Filmlerin kamera arkası sürecini filmden daha ilginç bulanlardanım.
Koltuğa oturup 105 dakikada bitirdiğimiz işin arkası aylar sürüyor.
Beğenilmeyen senaryo üzerinde defalarca oynamalar, kadro yaparken ulaşılamayan oyuncular, ulaşılıp kibarca reddedilen roller, “rol önemli değil sen bütçeden haber ver” demeler… Işık, kamera, mekân kirası derken ipotek edilen evler, arabalar ve aile içi çatışmalar, boşanmaya kadar giden süreçler…
Sinema yoğun emek ve sermaye isteyen bir iştir tanımını yaparım soranlara.
Filmden çıkışta bana eşlik eden oğlum Efe’ye “Yapımcı, yönetmen, oyuncular ve tüm ekibin en heyecanlı anı filmin gösterime girdiği gündür.
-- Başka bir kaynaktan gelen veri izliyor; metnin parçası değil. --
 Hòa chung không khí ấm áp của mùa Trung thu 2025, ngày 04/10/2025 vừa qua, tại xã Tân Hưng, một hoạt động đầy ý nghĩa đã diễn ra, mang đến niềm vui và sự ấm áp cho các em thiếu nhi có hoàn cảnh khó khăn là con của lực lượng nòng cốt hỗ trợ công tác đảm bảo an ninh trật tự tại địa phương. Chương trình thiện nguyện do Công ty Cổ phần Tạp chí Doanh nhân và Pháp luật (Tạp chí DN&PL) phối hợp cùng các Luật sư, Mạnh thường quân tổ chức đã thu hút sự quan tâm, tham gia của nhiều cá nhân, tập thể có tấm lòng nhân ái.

Çünkü emeklerin karşılığı festivallerde alınan ödüllerse de asıl ödül gişeden satılan bilettir” demiştim.

Mustafa Uzunyılmaz, Pelin Batu, Nejat Yavaşoğulları, Ayhan Taş gibi birbirinden bağımsız isimleri göreceksiniz afişte.
Şaşırmayın. Herkes film yapmak isteyen güzel insanlara destek olur. Ben böyle yorumladım. Basın toplantısı kısır bile olsa gelmelerine büyük saygı duydum.
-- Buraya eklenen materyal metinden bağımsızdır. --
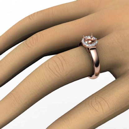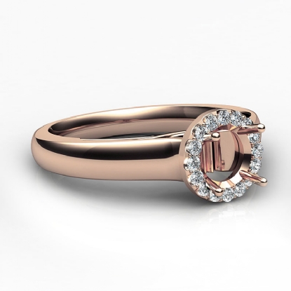 Striking yet forever timeless, this 14k Rose Gold diamond engagement ring features of pave set round diamonds along the semi mount halo. (0.2Ct. tw.)

Filmin afişinde ödül logolarına bakarak herkese bir uyarı yapayım
1-Oscar adayı filmin anonsuna Oscar heykelciği koyamazsınız. Heykel logosunu ancak ödül alan filmler ve oyuncular kullanabilir.
2-Cannes Film Festivali logosu olan Palmiye yaprağını yerli ödüllerde de kullanamazsınız.
Bir filme iyi ya da kötü demek kimsenin haddine değil…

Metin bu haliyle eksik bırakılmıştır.